Outdoor Devil

Why You Should Write a Handwritten Letter to Your Legislator
by Erika Zambello -- November 28th, 2016

If you’re like me, the onslaught of anti-environment rhetoric tossed around the American political arena has got you down. Once again we find ourselves defending the EPA, regulations, greenspace, and so much more. Do you feel like you can’t make a difference? You’re wrong! One of the most effective actions you can take is actually one of the simplest: a handwritten letter.

Yes, a letter. What we all used to write to each other before email and instant messaging and texts, with a stamp and everything. While many millennials think of letters as “old fashioned,” they demonstrate to a senator or congressman/woman how much you, as a constituent, care about an issue. Every letter is read, and its content categorized and summarized for weekly or monthly reports. Though a representative may not read every word of your letter, they are deeply concerned with how their constituents are feeling; after all, we do elect them. According to Outdoor Alliance, “One state staffer told us that her boss, a Senator, calls the state office several times a day just to ask what they are hearing from people who are calling and writing the office.”

Because representatives receive fewer individualized letters (compared to emails, petitions, or form letters), each one that they do receive carries more weight.

I’ve written five letters so far to my national representatives, and am about to start on my local leaders. I wrote when I had a spare few minutes (in the waiting room of an office, while watching television, cooking dinner), and actually found the process quite meaningful.

Letter

Have I convinced you? Great! Then here are a few things to keep in mind:

1. Only write to your own representatives.

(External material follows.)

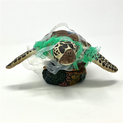 | Description: | Hand built, Amaco velvet underglazes, b mix w/grog, sea turtle, epoxy, poop can holder, netting |

If a senator or congressman/woman doesn’t represent you, your letter gets forwarded to the person who does.

2. Don’t write too often.

You don’t want to come off as a crazy person, but as thoughtful voter, so choose your issues carefully and write when it is most meaningful to you.

3. BE POLITE.

I wrote that in all-caps for a reason. Staffers are reading your letters 99% of the time, and trust me, these people get yelled at on a regular basis. If you want them to truly hear your concerns – and take them to their boss – be courteous.

For a more complete list, click here.

Grab your friends, your colleagues, your family, and have them join you for a letter-writing party. Make it fun, make it informative, and you will truly make a difference!